Enfin, au XIII° siècle, les diphtongues spontanées subissent une bascule de l'accent, qui passe du premier au second élément ; en conséquence, la première voyelle se consonnifie, avant de s'amuïr : [ǘœ̣] devient donc [ẅœ̣́] puis la diphtongue se résout en [œ̣́].

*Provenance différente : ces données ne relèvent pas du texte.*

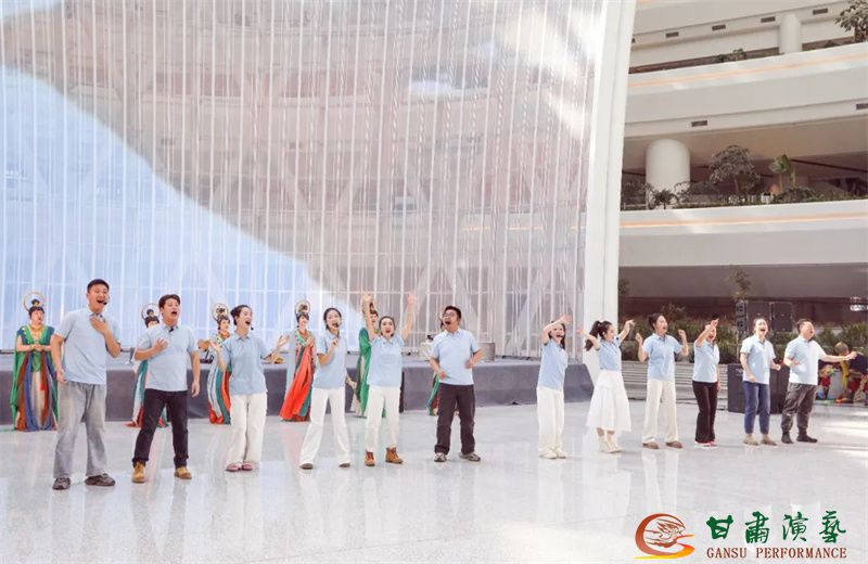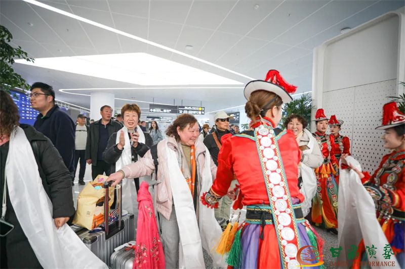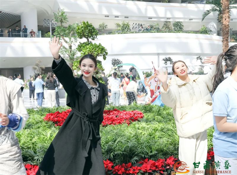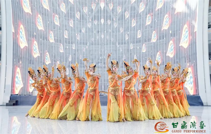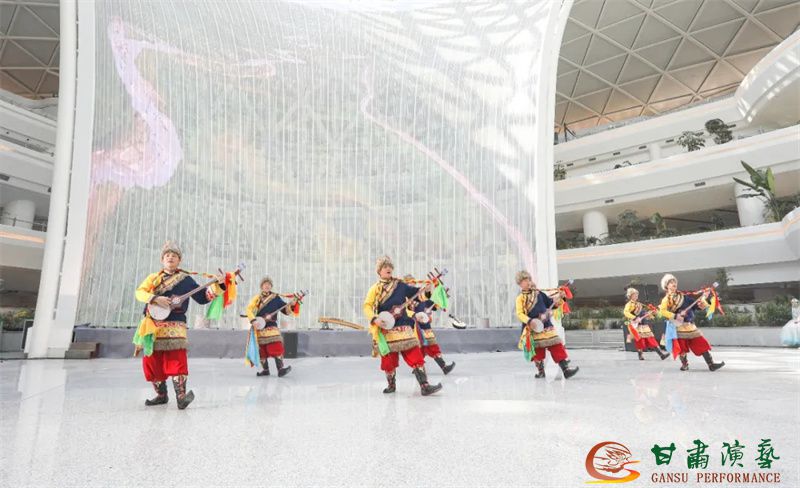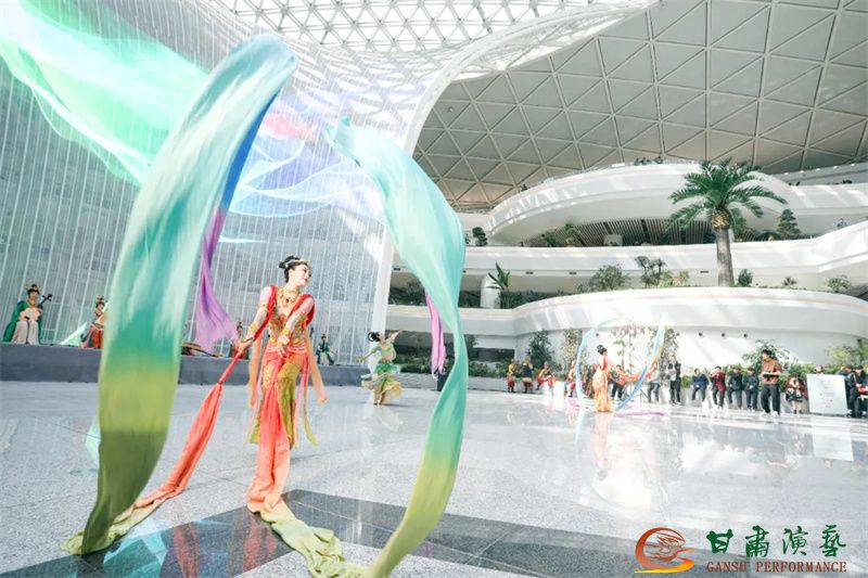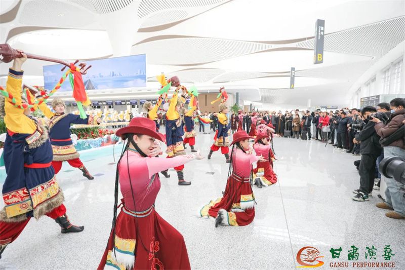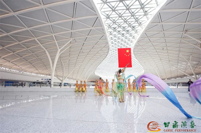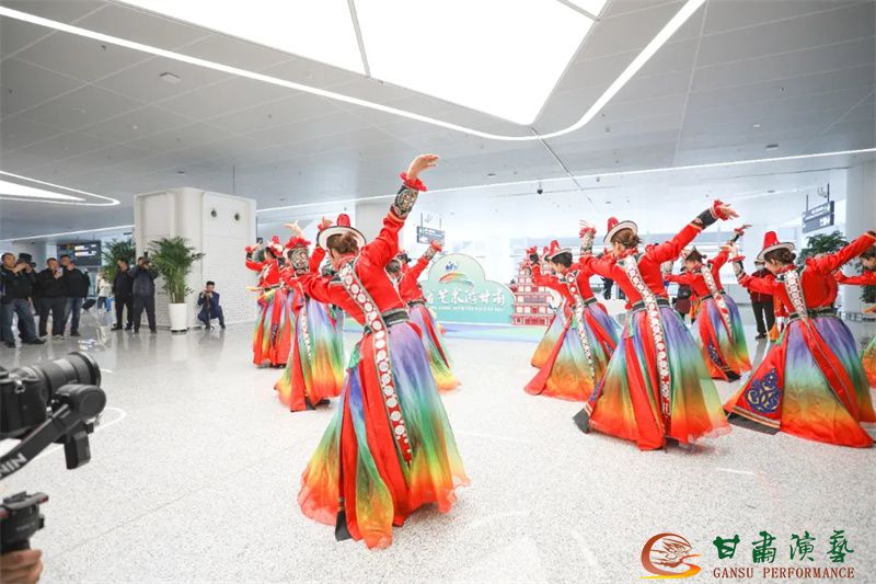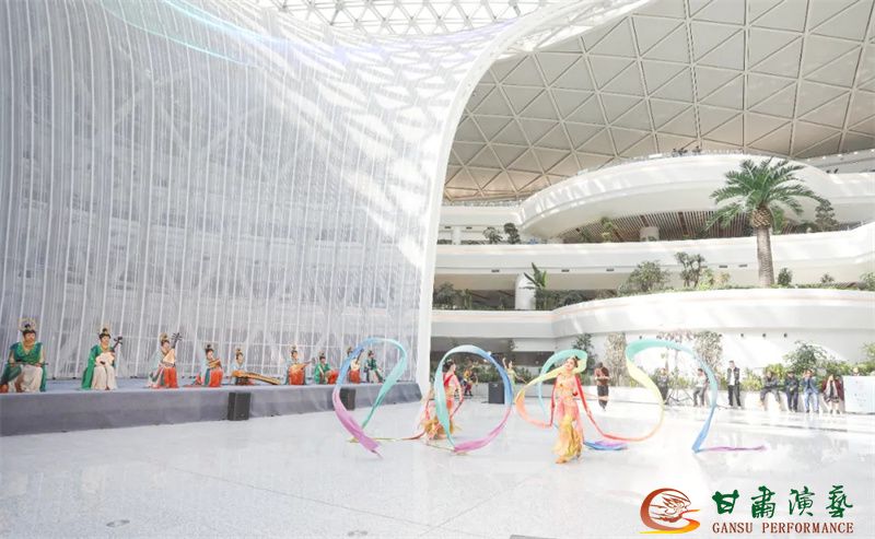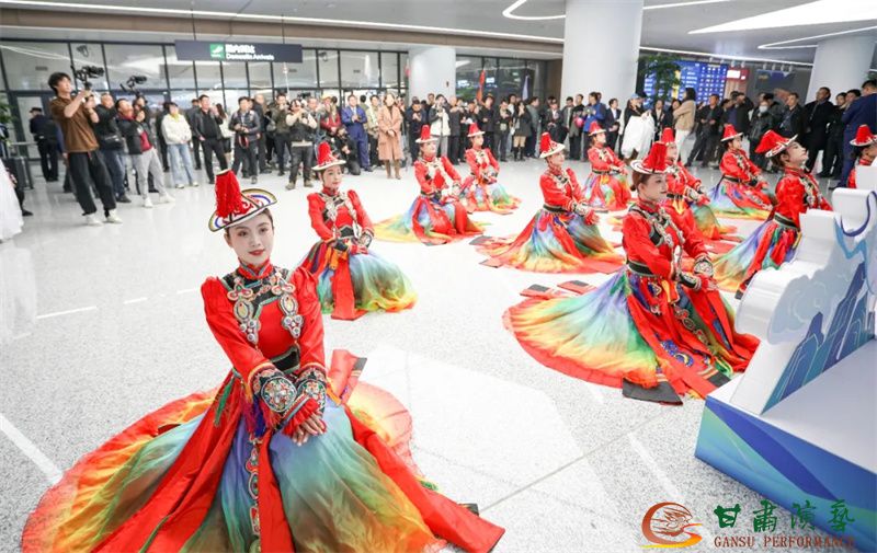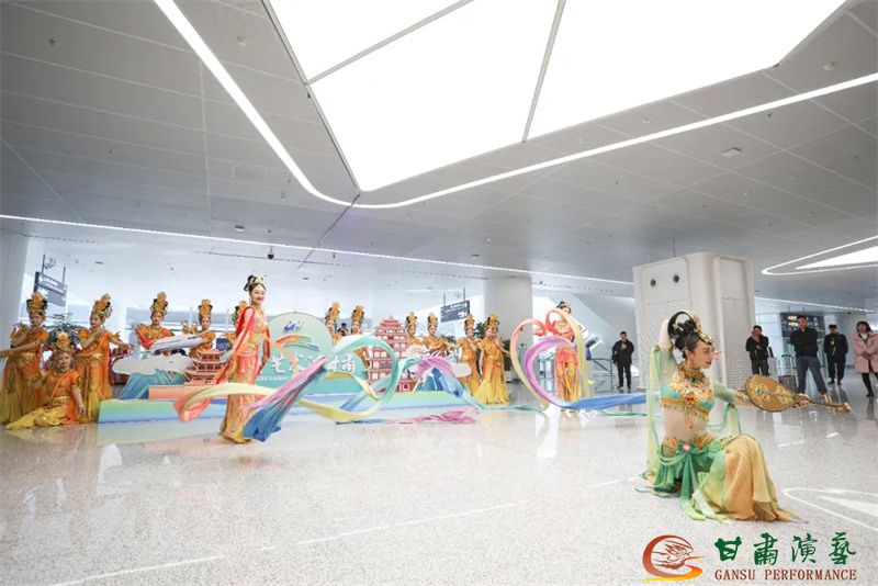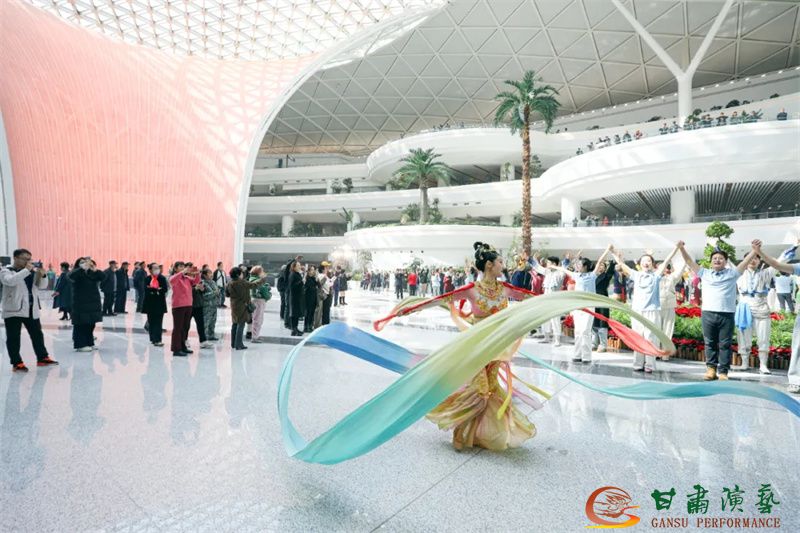 為使旅客和觀眾在這一新城市地標(biāo)建筑中感受不一樣的西北韻味,本次演出匠心獨(dú)運(yùn)注重“創(chuàng)意+體驗(yàn)”,在出發(fā)大廳、到達(dá)大廳、連廊大廳設(shè)三個(gè)快閃點(diǎn),交通樞紐大廳設(shè)置展演舞臺(tái),《絲路花雨》經(jīng)典片段《金光千佛》拉開(kāi)活動(dòng)序幕,舞者身披金色華服,以曼妙舞姿再現(xiàn)莫高窟壁畫中“千佛齊現(xiàn)”的恢宏場(chǎng)景,祈愿往來(lái)游客起落平安,《反彈琵琶長(zhǎng)綢舞》演員手持琵琶翩然起舞,長(zhǎng)綢翻飛間,敦煌藝術(shù)的靈動(dòng)與絲路文明的交融之美躍然眼前,跨越千年的石窟藝術(shù)與航站樓現(xiàn)代設(shè)計(jì)交相輝映,引得旅客紛紛駐足拍攝,裕固族舞蹈《歡騰的草原》展現(xiàn)甘肅人民的熱情好客、淳樸熱情以及甘肅豐富的歷史文化和民俗風(fēng)情,《玄奘西行》《雪域歡歌》《花兒美》則展現(xiàn)出甘肅多元文化的美妙厚重與自然風(fēng)光的壯美神秘。隨著《我把甘肅唱給你聽(tīng)》的旋律漸息,這場(chǎng)跨越時(shí)空的藝術(shù)之旅圓滿落幕,中川機(jī)場(chǎng)T3航站樓化身“流動(dòng)的藝術(shù)展廳”,把“交響絲路·如意甘肅”的壯美畫面描繪在了每一位旅客心中。

À la fin du XII° siècle, la prononciation de feu est donc en pleine mutation, et l'orthographe témoigne de l'existence de prononciations concurrentes : on trouve par exemple la graphie fu, marquant la monophtongaison, au vers 3461 du Chevalier au lion, mais également la graphie moderne, feu, qui signale l'historique du son en marquant la diphtongue par un digramme, au vers 3463. La transcription eu du son [œ̣] ne fut définitivement adoptée qu'au XVI° siècle.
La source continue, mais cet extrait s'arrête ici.